41. Having bestowed serious consideration to the rival contentions, we feel that the High Court's decision to condone the delay on account of the first respondent's inability to present the appeal within time, for the reasons assigned therein, does not suffer from any error warranting interference. As the aforementioned judgments have shown, such an exercise of discretion does, at times, call for a liberal and justice- oriented approach by the Courts, where certain leeway could be provided to the State. The hidden forces that are at work in preventing an appeal by the State being presented within the prescribed period of limitation so as not to allow a higher court to pronounce upon the legality and validity of an order of a lower court and thereby secure unholy gains, can hardly be ignored. Impediments in the working of the grand scheme of governmental functions have to be removed by taking a pragmatic view on balancing of the competing interests."

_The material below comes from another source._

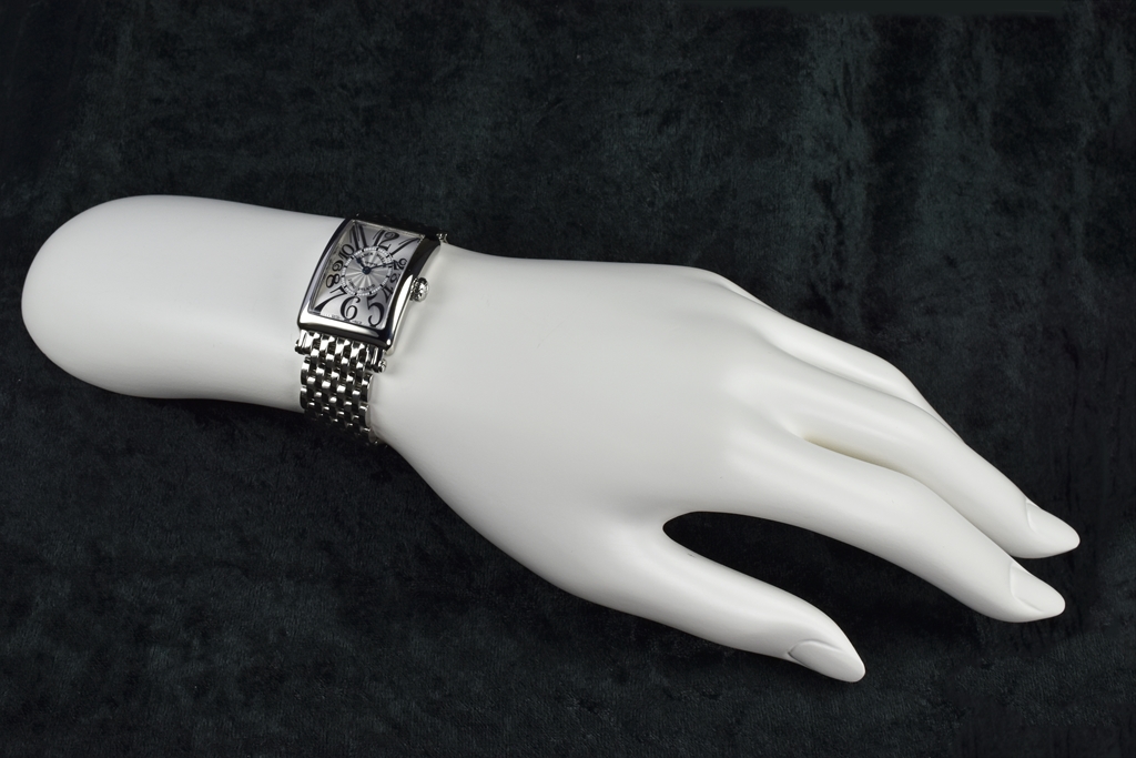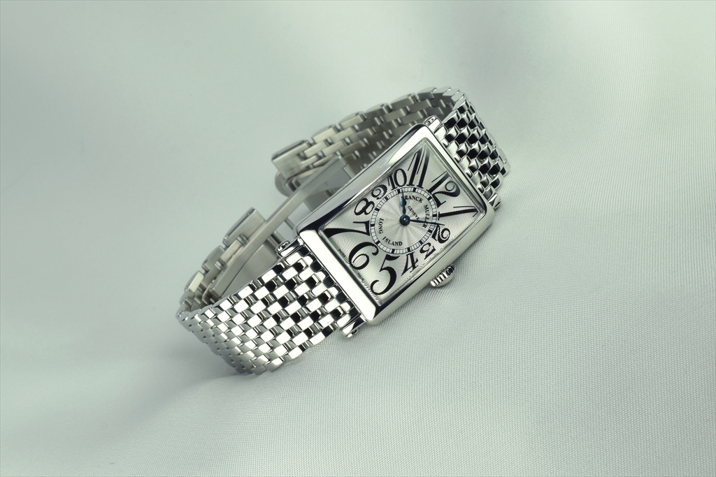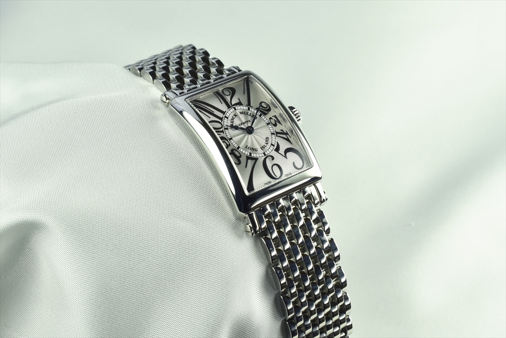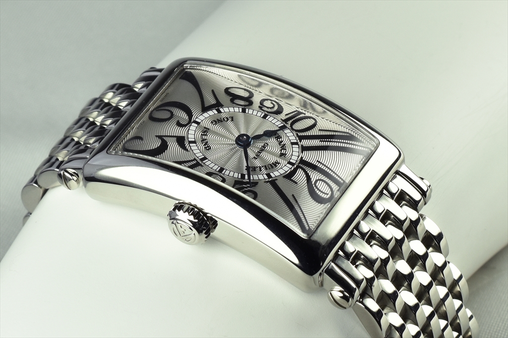 独特の直線ケースと文字盤上に直線を軸に現代風にデザインされたビザン数字が組み合わさった、まさにクラッシックとモダンの融合を象徴するフランク ミュラーならではのロングセラーコレクションです。特徴としては、ケースと調和したラグがあり、上下に長くしたケースと流線型のフォルムによって手首にフィットさせるなど、華やかで精緻なアールデコスタイルが随所に凝縮されています。

This Court has gone through the aforesaid judgment of the Hon'ble

Supreme Court and the Hon'ble Supreme Court has held in para 32 therein that

there is no formula that caters to all situations and, therefore, each case for Page |7

condonation of delay based on existence or absence of sufficient cause has to be

decided on its own facts. At this stage, we cannot but lament that it is only excuses,

and not explanations, that are more often accepted for condonation of long delays

to safeguard public interest from those hidden forces whose sole agenda is to

ensure that a meritorious claim does not reach the higher courts for adjudication.

It is clear from the averments made in the affidavit filed by the review

applicant that there is no explanation for inordinate delay for more than 7 (seven)

months i.e. from 29.12.2023 till 17.07.2024 in filing the review petition for

examining the issues involved in the present case though the review applicant was

aware of the fact that order had been passed by the Hon'ble High Court as well as

the Supreme Court.

So, considering the fact that the review applicant had already filed an

appeal before the Hon'ble Supreme Court and the same came to be dismissed and

also filed review application, that dismissed by the Hon'ble Supreme Court.

In these circumstances, the present application has been filed to

condone the delay of 635 (six hundred thirty-five) days without satisfactory

explanation for condoning the delay in filing the review application. On such

circumstances, this Court is not satisfied with the reasons/explanations for

entertaining the said application and there is no merits in the contention of the

learned Additional Advocate General for allowing the said application.

At this juncture, the learned Additional Advocate General made a

request before this Court that the final order passed in the writ petition will not be

a precedent in the future cases.

Page |8

In fine, the application, MC (Review.Pet.) No. 10 of 2024 is rejected

and consequently, the Review. Pet. bearing CIS Filing No.1439/2024 is closed.